Waldorf students record their main lessons, taught in grades one through 12, in a large book of plain paper. Several of Herschkowitz's students said they spend anywhere from 30 minutes to two hours per lesson on the book, including text and colorful illustrations.

Storm Foley's geometry book looks like an ornate medieval scroll. She spends six hours on it per lesson. "It's a lot of work," she said. "I think it was worth it. I'm going to have it forever."

Other than the SAT, there is no standardized testing at Summerfield Waldorf. Letter grades aren't given until eighth grade. Cell phones are not allowed, except for high schoolers making "important" calls at lunch.

Bare midriffs, visible undergarments and flip flops are not permitted by the school dress code; hats and sunglasses may not be worn in class. Television and video games are discouraged due to their up-tempo assault on the senses.

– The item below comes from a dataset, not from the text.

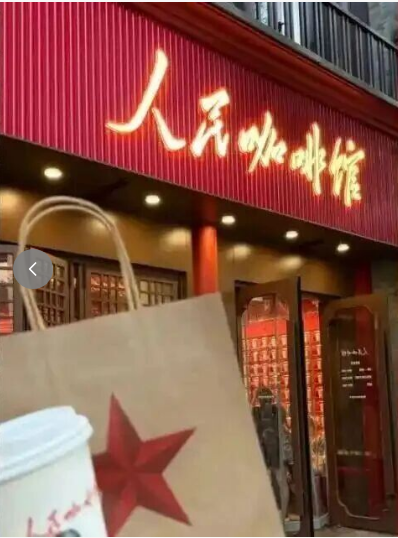 有網(wǎng)友表示,“人民”一詞具有強(qiáng)烈的公共屬性和政治內(nèi)涵,這樣被用于商業(yè)咖啡館的標(biāo)識,令人感到突兀和不適。
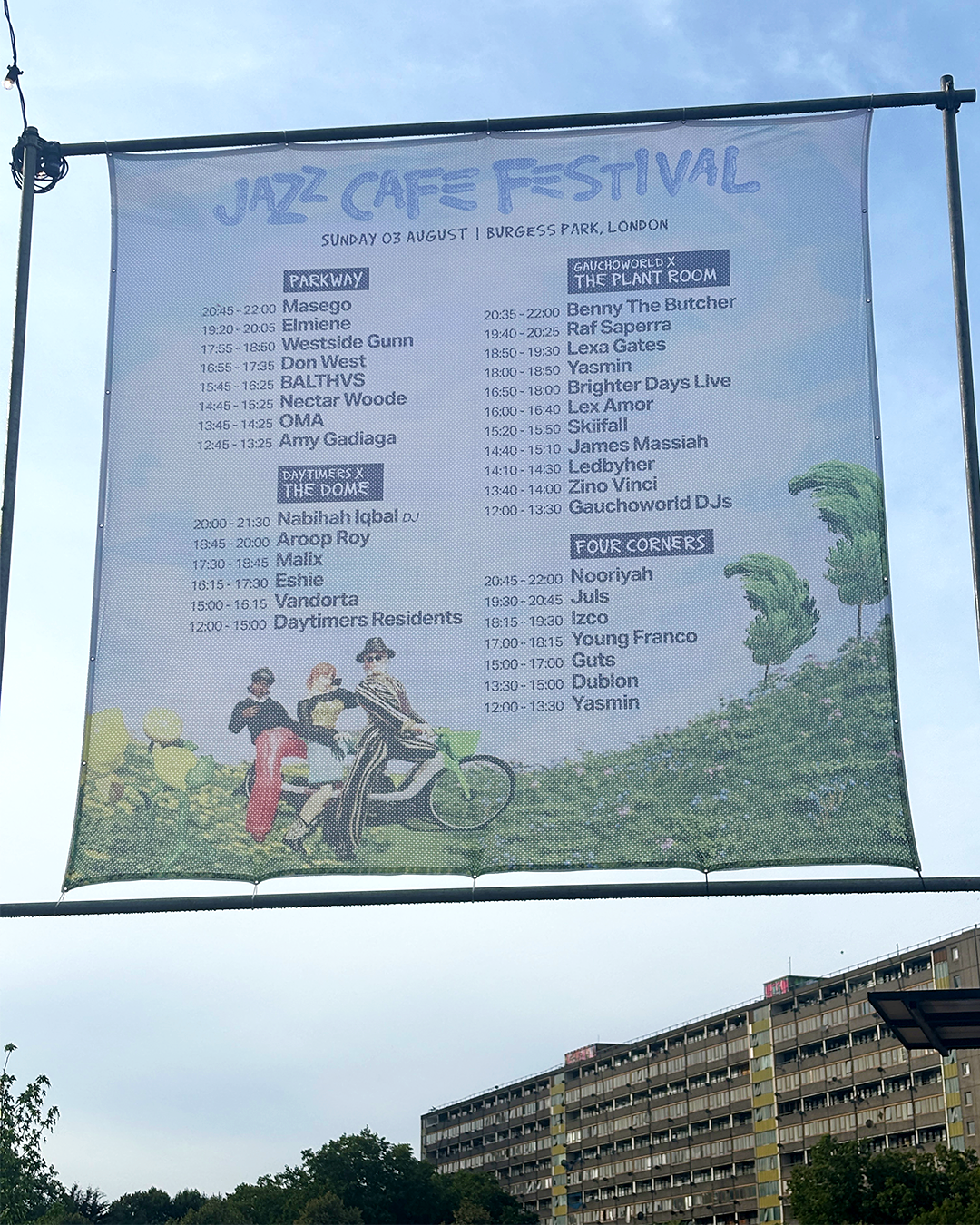 We designed the identity for the 2025 Jazz Cafe Festival, building a playful, character-driven system inspired by the festival’s community spirit. The visuals feature a lime bike tandem cruising through Burgess Park. The mix of local landmarks and animated posters gave the festival a fresh, welcoming personality and rooted it firmly in its South London setting.

But the key is style in the classroom, where teachers deliver the material rather than relying on textbooks. One teacher follows each Waldorf class through the first eight years of lower school.

"It's not about content," said Summerfield Waldorf high school teacher Beth Weisburn, an electrical engineer before she switched to Waldorf teaching. "It's about developing self-initiated activity."